Tuesday, May 6, 2014

In Hackensack, a onetime loyalist turns vicious

Hackensack police officers, who are working without a contract, packed the back rows of Monday night's City Council work session. Christopher Maag, front, introduced himself to audience members as The Record's new Hackensack reporter, replacing Hannan Adely. Behind Maag is Steven V. Gelber, who writes the Hackensack Scoop.com blog.

Editor's note: This post has been updated and expanded.


Steven V. Gelber worked tirelessly for the Citizens for Change slate in last May's Hackensack municipal election, and was most visible after the polls closed, quickly counting the votes that confirmed the reformers' victory.

But in recent months, Gelber has turned against members of the new City Council, accusing them of the same kind of cronyism and abuse of power that marked three decades of rule by the Zisa family and their defeated council allies.

At Monday night's council work session, Gelber, who writes the Hackensack Scoop.com blog, spoke passionately against making acting City Manager Anthony Rottino permanent.

Rottino was a key member of the Citizens for Change campaign, providing advice and introductions to donors.

No experience?

But Gelber said Rottino had no municipal-management experience and even listed several monetary "judgments" against the official, who also is the city's economic development director with a total salary of $176,000 plus benefits.

The controversy is played out today on The Record's Local front, where Staff Writer Christopher Maag reports a majority of council members are engaged in "a power struggle" with the mayor and deputy mayor "for control of city government."

Maag incorrectly calls Citizens for Change the "Team for Change."

Three against two

Maag says three council members -- Leo Battiglia, David Sims and Rose Greenman -- may try to vote at tonight's public meeting to make Rottino permanent, against the wishes of Mayor John Labrosse and Deputy Mayor Kathleen Canestrino.

Labrosse and Canestrino recently stopped using Thom Ammirato, their former campaign manager and now the city's chief spokesman, to write their press releases, but Ammirato held on to his full $78,000 salary.

Labrosse said when Ammirato was given a one-year city contract, he didn't tell the mayor he had a full-time job with Bergen County and other side jobs providing public relations to Republican officials, as revealed in Gelber's blog.

Gelber faulted the City Council for not launching a statewide or nationwide search for a city manager.

He ended his comments by telling council members, "Get rid of your cronies!"

On Monday night, the City Council heard a presentation on a proposed Atlantic Street Park downtown, near the city's Cultural Arts Center and a 222-unit apartment building, both still under construction.

Park-grant deadline

Maag's story today didn't mention the Atlantic Street Park, a proposal that is almost as controversial as Hackensack's next city manager.

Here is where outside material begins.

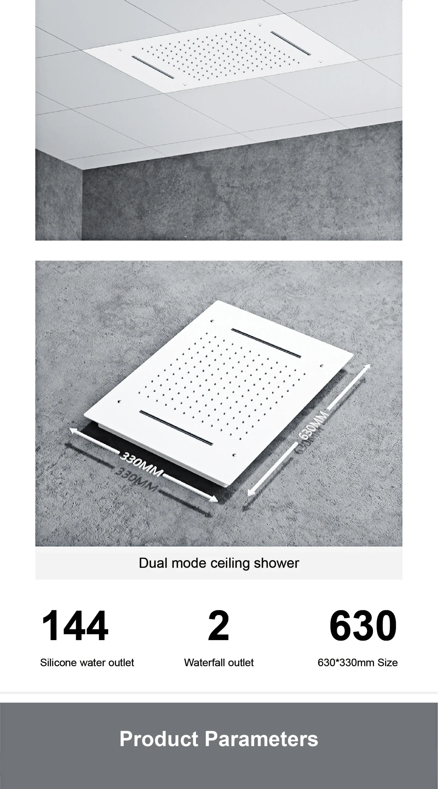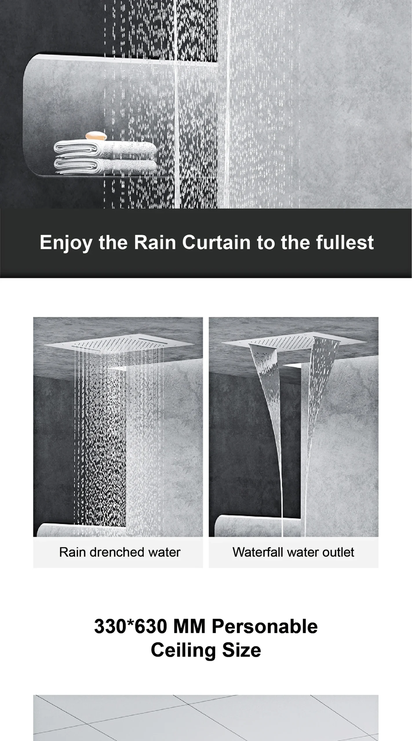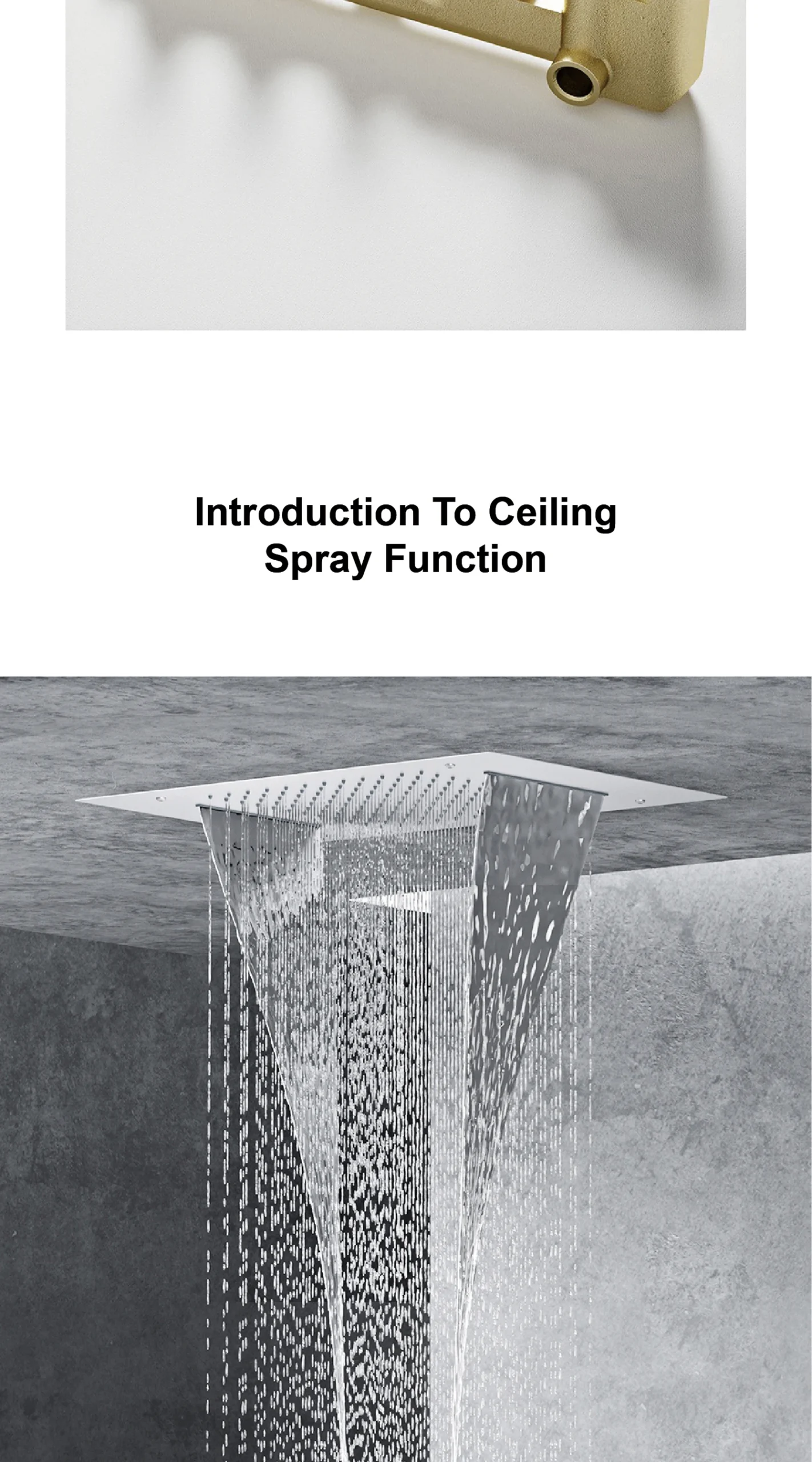 – Ceiling Mounted Design: Frees up wall space and creates a minimalist, spa-like ambiance for a truly immersive shower experience.

The park, with a performance space, would cost $585,000 and the city would get a $268,000 county grant, but only if it is built by October.

Officials of the Upper Main Alliance, a public-private partnership pushing the redevelopment of Main Street, spoke in favor of the park.

But during the public-comment period, residents questioned the need to build the park.

One women said the money would be better spent on a community center and municipal pool. One man said the city should fix potholes instead.

Far from shocking

Is there anything else worth reading in the Woodland Park daily?

Page 1 carries the second part of Staff Writer Jean Rimbach's densely written opus on the state Board of Public Utilities.

Rimbach fulminates about "a revolving door that often takes government officials into employment in the industries they helped regulate" (A-1).

Is that so shocking?

In skimming the text on the continuation page (A-6), I couldn't find any discussion of whether this impropriety affected the setting of electric and gas rates or anything else affecting consumers.

In fact, the real failure of the BPU is in not levying huge fines on Public Service Electric & Gas Co. and other monopolies for the slow repair response to Irene, Sandy and other big storms.

Ignoring real failure

Leave it to transportation reporter Karen Rouse to write a story about NJ Transit employees who used agency vehicles for personal reasons (A-1).

She continues to ignore another issue that affects thousands of commuters every workday: 

The inability of the state agency to provide enough seats on buses and trains into the city.

Another GOP buffoon

On A-3, Staff Writer Patricia Alex reports former Republican Gov. Thomas H. Kean will replace Condoleeza Rice as the commencement speaker at Rutgers University.

There is nothing in the story about whether Kean will finally fess up to hiding huge deficits from James Florio, his Democratic successor, who was forced to raise taxes, leading to his defeat when he ran for a second term. 

Doughnut hole

A second story on the Local front speaks volumes about the high cost of home rule and Bergen County's nearly 70 police chiefs (L-1).

Frank Papapietro, New Milford's police chief and go-to guy for doughnuts, is slated to be paid more than $300,000 this year, including nearly $110,000 in one-time payouts for vacation and accumulated sick days.

The Record has never examined why Governor Christie placed a ceiling on the salaries of school superintendents, but did nothing to control the exorbitant pay and benefits of police chiefs.